Марк паркуется у высокого здания. Здесь расположен один из самых престижных и дорогих ресторанов. Кто бы сомневался. Марк, как настоящий джентльмен, открывает мне дверь и помогает выйти.

— Цветы ты с собой понесёшь, я так понимаю?

— Конечно, там в вазу поставят.

Нас встречает девушка-хостес невысокого роста, но высокого мнения о себе, как мне кажется.

— Здравствуйте, Марк Алексеевич. Рады приветствовать вас в нашем ресторане.

— Здравствуй. У нас на крыше, — вежливо, но сухо отвечает Словецкий.

— Да, конечно, пойдёмте, я вас провожу.

— Спасибо, мы сами дойдём. Отправь к нам официанта.

— Хорошо, Марк Алексеевич.

Марк берёт меня за руку, ведя к лифтам. Мы поднимаемся на шестнадцатый этаж, где на крыше оборудован шикарный столик. Здесь всё украшено огоньками и цветами, а вид на город просто невероятный.

— Доброй ночи. Меня зовут Михаил. Я ваш официант на сегодняшний вечер. Позвольте, я поставлю цветы в вазу, — я протягиваю букет, всё ещё находясь под впечатлением. — Марк Алексеевич, вы готовы сразу сделать заказ или нужно время?

— Сразу, — где-то практически над ухом слышу я низкий бархатный голос.

— Мне клубничное и кокосовое мороженое, и зелёный чай на ваш вкус.

— Мне как обычно. Красиво, правда? — кажется, Михаил ушёл.

— Невероятно. Я вообще люблю ночь. При свете дня мы не такие искренние, как бы странно это не звучало. А ещё ночью кажется, что завтра точно всё будет по плечу.

— Почему? — в его голосе я слышу улыбку. Явно от моих рассуждений.

— Потому что ночь всегда заканчивается рассветом. Даже самая тёмная, дождливая и холодная.

— Твоя ночь закончилась? — без тени смеха спрашивает парень.

— В моей ночи лучше не копаться, — смеюсь я, сбрасывая липкое негативное настроение. — А как насчёт твоей?

— Сегодня немного тучи разошлись, — лёгкая улыбка трогает его губы, и я залипаю. — Может, за стол?

— Давай, — позволяю проводить меня и усадить.

Почти сразу официант приносит наш заказ.

— Для вас клубничное и кокосовое мороженое, мандариновый чай. И для вас стейк из говядины с овощами-гриль и американо. Приятного вечера, если будут пожелания, просто нажмите на кнопку, — дружелюбно произносит парень.

— Спасибо, Михаил, — с улыбкой благодарю я.

Мороженое невероятно вкусное, и я уплетаю с удовольствием.

— Ты уверена, что не хочешь чего-то более весомого?

— Уверена. Хоть и выглядит аппетитно, но не пытайся меня накормить. Иначе завтра обруч сорву, а их только установили.

— Ты серьёзно? Тебе чтобы обруч сорвать, нужно несколько месяцев объедаться до отвала, — со смесью удивления и смеха говорит Словецкий. — Вкусно?

— Очень. Хочешь? — протягиваю ему ложку с мороженым. Марк гипнотически смотрит мне в глаза, а затем своей рукой направляет мою с ложкой в руке себе в рот. Я сглатываю от возникшего между нами электричества.

— И, правда, вкусно, — всё также, не сводя с меня глаз, говорит Марк.

— Ты, наверное, часто сюда ходишь? — хлопаю глазами, продолжая есть мороженое.

— Бываю, да. Какие-то встречи или мероприятия часто здесь проходят. У меня строительная компания, поэтому дома я редко бываю.

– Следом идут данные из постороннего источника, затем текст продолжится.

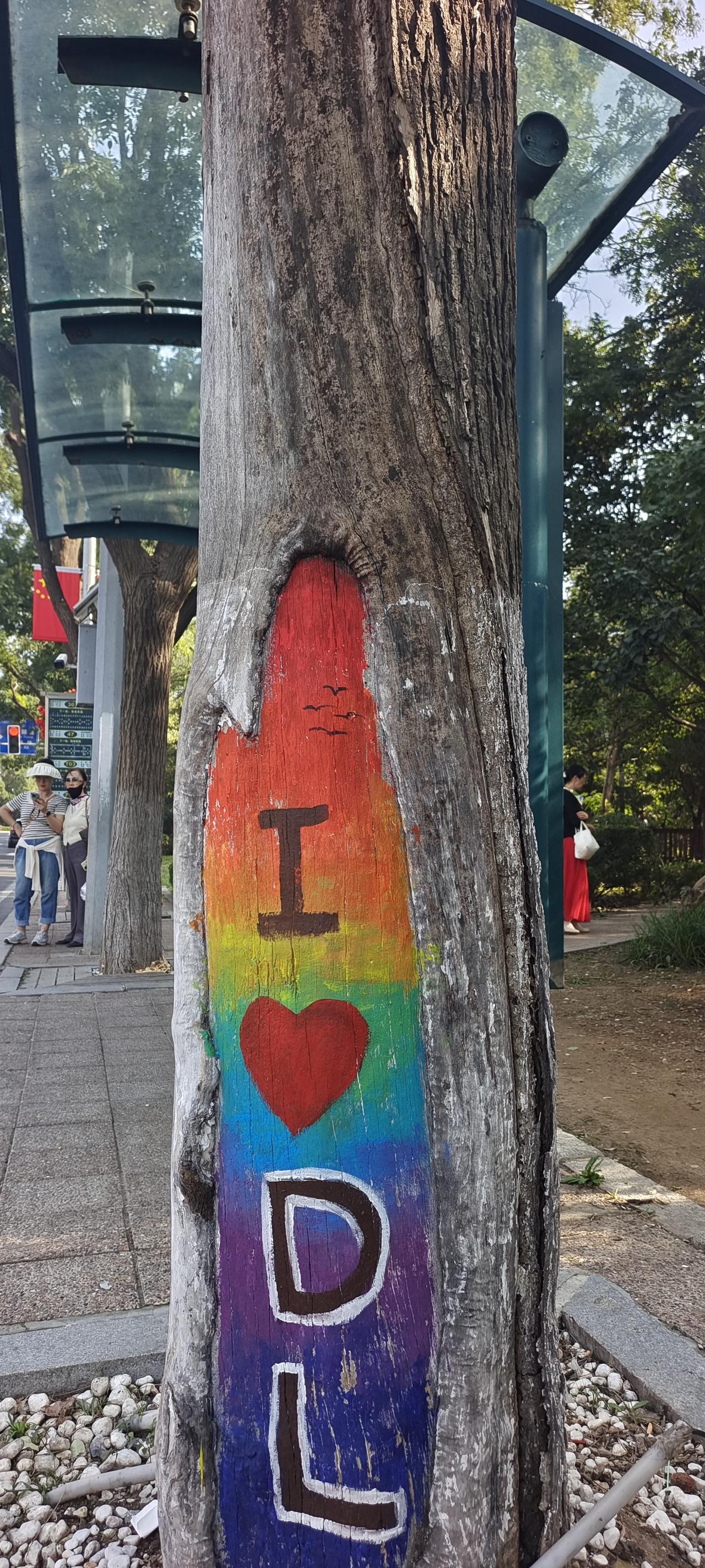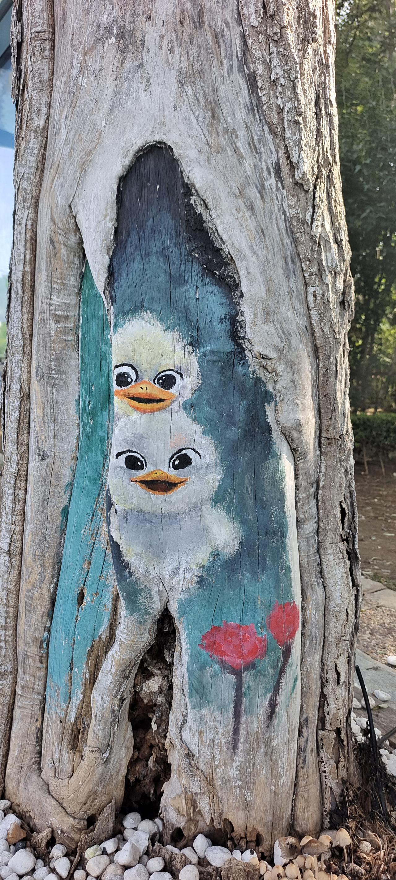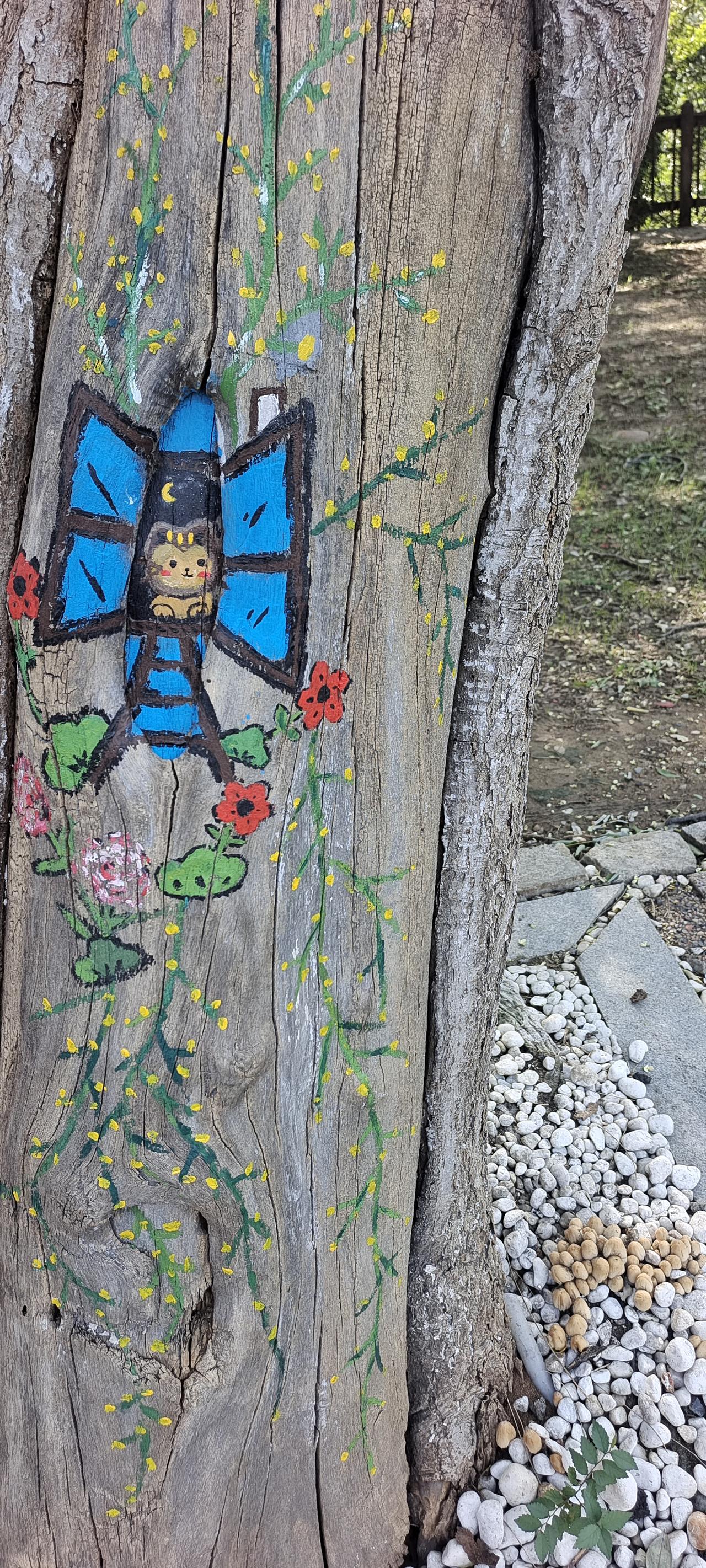 植物园中南路的道边儿上。树洞里面儿花的花清新可爱。色彩斑斓,动感十足。浓浓的童话画风,非常有趣。

— Трудоголик до мозга костей.

— Откуда… — хочет спросить, но осекается.

— По тебе сразу видно, — смеюсь я.

— Что ещё по мне видно? — прожевав, настороженно, но со смешинкой спрашивает Марк.

— Что ты очень настойчивый, — смеюсь, начиная перечислять. — Что знаешь, чего хочешь от жизни. Что ты никогда не отступишь, если хочешь чего-то.

— Может быть, мне брать тебя с собой на встречи? Будешь рассказывать мне о людях, — шутит Марк.

На самом деле, я поняла гораздо больше. Мужчина казался мне ярым ревнивцем и собственником, но об этом я решила умолчать.

— Да, помощь экстрасенса в студию.

— Макс говорил, ты, вроде, учишься?

— Да, на последнем курсе.

— Работу с учёбой совмещаешь. Заслуживает уважения.

— Да, после окончания думаю менять работу. Макс уже в панике из-за этого, — смеюсь я, вспоминая, как он кричал, что договорится, чтобы диплом мне не дали.

— А родители? Не помогают?

— Нет, — решаю не вдаваться в подробности и не портить вечер. — А тебя как занесло в строительство?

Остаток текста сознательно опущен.